Your task :: Nothing but the lines from the one with "Coiffes de grands chefs Navajos" through the last line of the entries below should appear in the copy, please, and no pictures.

Extracted data ::
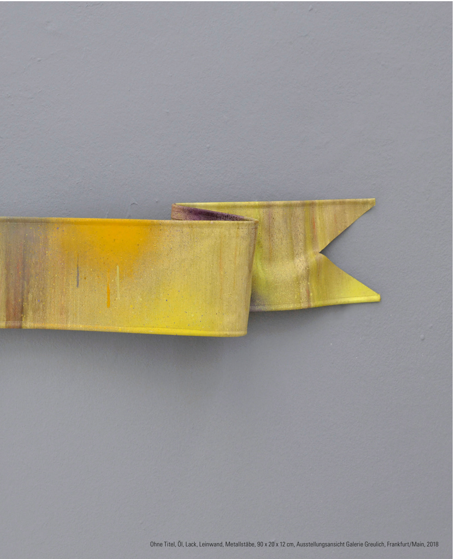
Ohne Titel, Öl, Lack, Leinwand, Metallstäbe, 90 x 20 x 12 cm, Ausstellungsansicht Galerie Greulich, Frankfurt/Main, 2018
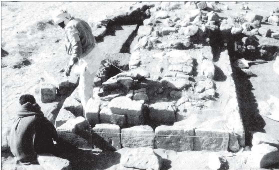
Abb. 4: Schutzmaßnahmen zur Erhaltung der Reste des Haupttores: Ummauerung mit Sandsteinblöcken, Einbettung in reinem Sand (Dia Nr. 2000 - 42/5).

Das Vorhandensein oder Fehlen von Durchgängen sowie ihre Lage und Gestaltung ist der wichtigste Ansatzpunkt für den Versuch einer bauchronologischen und funktionellen Analyse der Großen Anlage. Noch sind hier Fragen offen, etwa scheint Hof 416 nur vom Baukomplex 400 aus betretbar. Eine Verbindung zwischen den Höfen 512-505-501-223 scheint nicht vorhanden zu sein, ebenso scheint sie zwischen den Höfen 120-122-227 zu fehlen. Detaillierte Aufnahmen fehlen noch für die meisten Durchgänge der Komplexe 400 und 200. Daher sollte der Komplex "Durchgänge" auch in kommenden Kampagnen weiter bearbeitet werden.
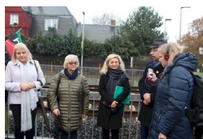
16 listopada 2019. Wyprawa akademicka z Krakowa dotarła do Sachsenhausen
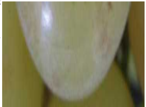
図2 果実袋の種類とかすり症の程度 (2011年、誤差範囲は標準誤差)
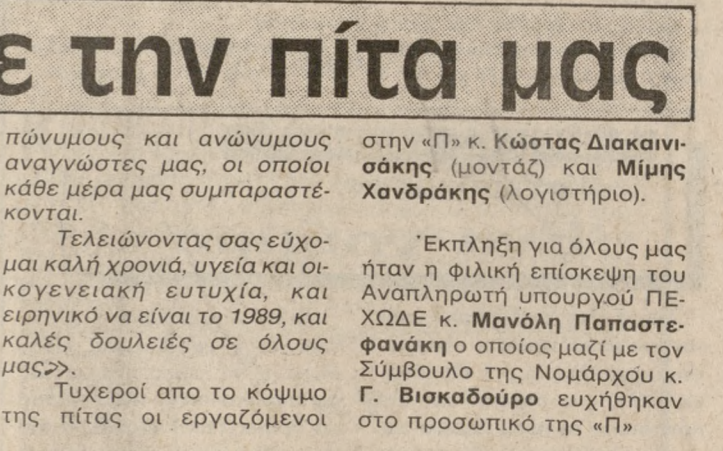
ΣΤΙΓΜΙΟΤΥΠΑ ΑΠΟ ΤΗΝ ΚΟΠΗ ΤΗΣ ΠΙΤΑΣ ΤΗΣ «Π»

Τυχεροί από το κόμμο της πίτας οι εργαζόμενοι
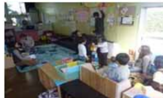
地域子育て支援拠点施設「あいあい」 における活動の様子
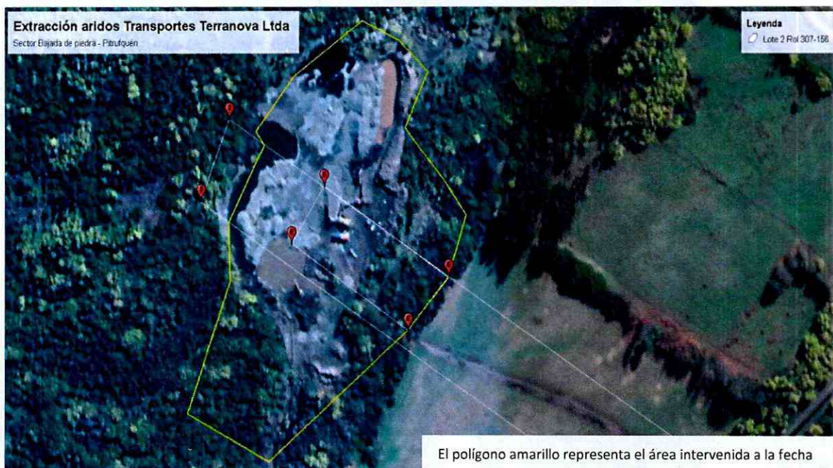
IMAGEN N°3. SITUACIÓN DEL ÁREA INTERVENIDA A AGOSTO DE 2018
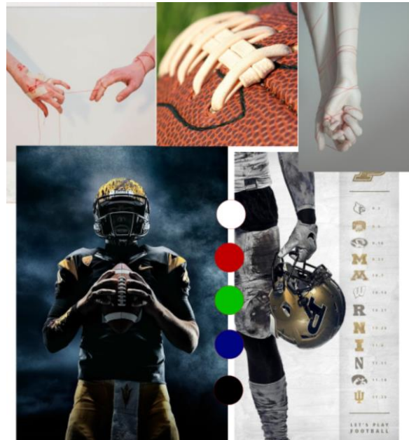
Рис. 2. Moodboard колекції "Strong woman" (автор Ольга Черномазюк)

Moodboard авторської колекції одягу під девізом "Strong woman" (рис. 2) виконано у вигляді фотографій та малюнків, які представляють основні тематично-сюжетні напрямки кінофільму "Невидима сторона": це атрибути спортивної форми гравців в американський футбол, а також символічні малюнки рук, що уособлюють доброту, допомогу та підтримку. Крім того, Moodboard визначає напрямок оздоблення виробів майбутньої колекції та її колористичне вирішення.
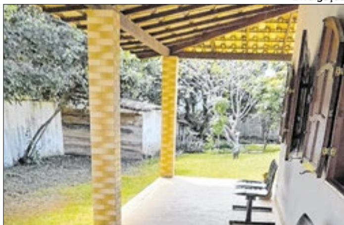
Nova Residência Inclusiva, em Conceição de Macabu.
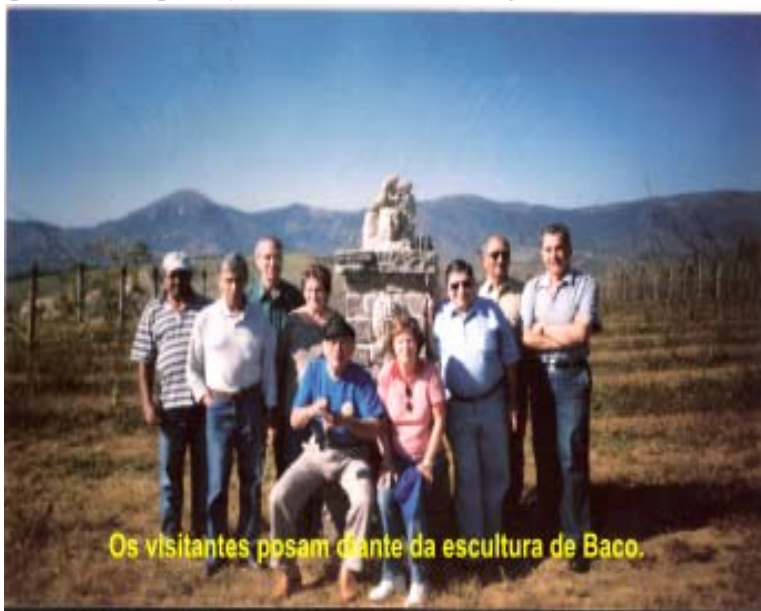
Os visitantes posam diante da escultura de Baco.
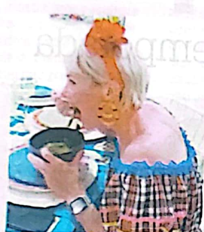
PROVAR... SE REGALAR.
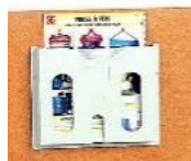
802 000 001 Porte document plastique autocollant
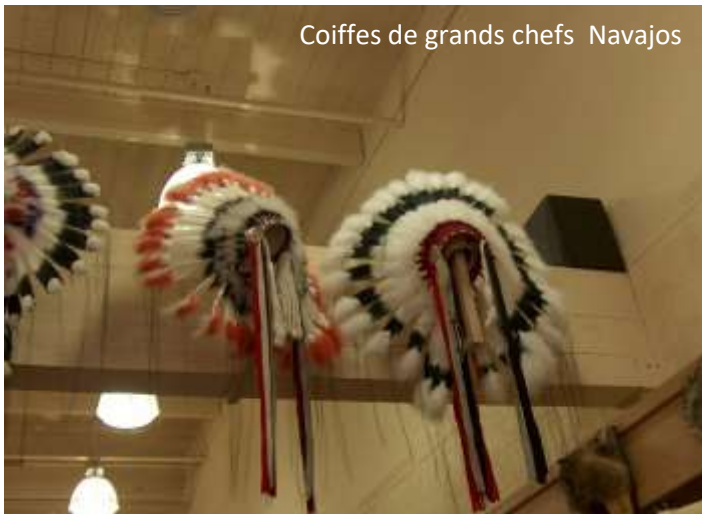
Coiffes de grands chefs Navajos

La conversation vire sur la question des Amérindiens, qui se battent toujours pour préserver leur territoire et leurs droits de citoyens, mais aussi pour faire revivre leurs traditions bâties sur leur religion animiste 4 . La question concerne particulièrement l'Arizona, un état qui s'est construit sur les terres d'une multitude de peuples indiens : Navajo , Apaches , Hokoham , Hopis , Havasupai , Quechans , Pimas , Cocopa , etc.
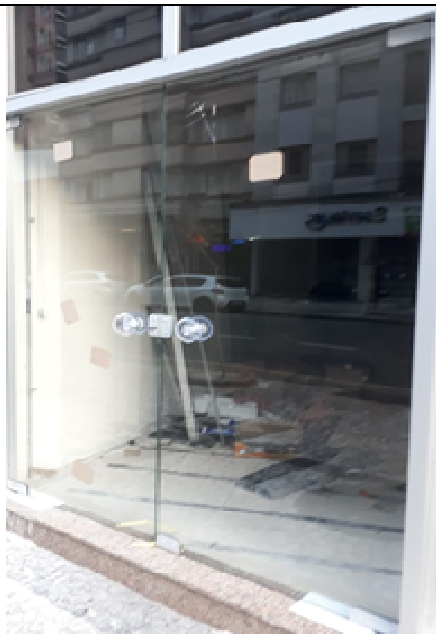
Figura 22: Nova porta de vidro temperado na entrada
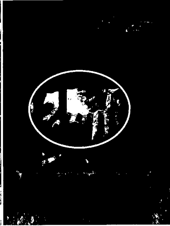
Imagen 3. Residuos sólidos por debajo de la vivienda.

Exercise solution ::
Coiffes de grands chefs Navajos

La conversation vire sur la question des Amérindiens, qui se battent toujours pour préserver leur territoire et leurs droits de citoyens, mais aussi pour faire revivre leurs traditions bâties sur leur religion animiste 4 . La question concerne particulièrement l'Arizona, un état qui s'est construit sur les terres d'une multitude de peuples indiens : Navajo , Apaches , Hokoham , Hopis , Havasupai , Quechans , Pimas , Cocopa , etc.
Figura 22: Nova porta de vidro temperado na entrada
Imagen 3. Residuos sólidos por debajo de la vivienda.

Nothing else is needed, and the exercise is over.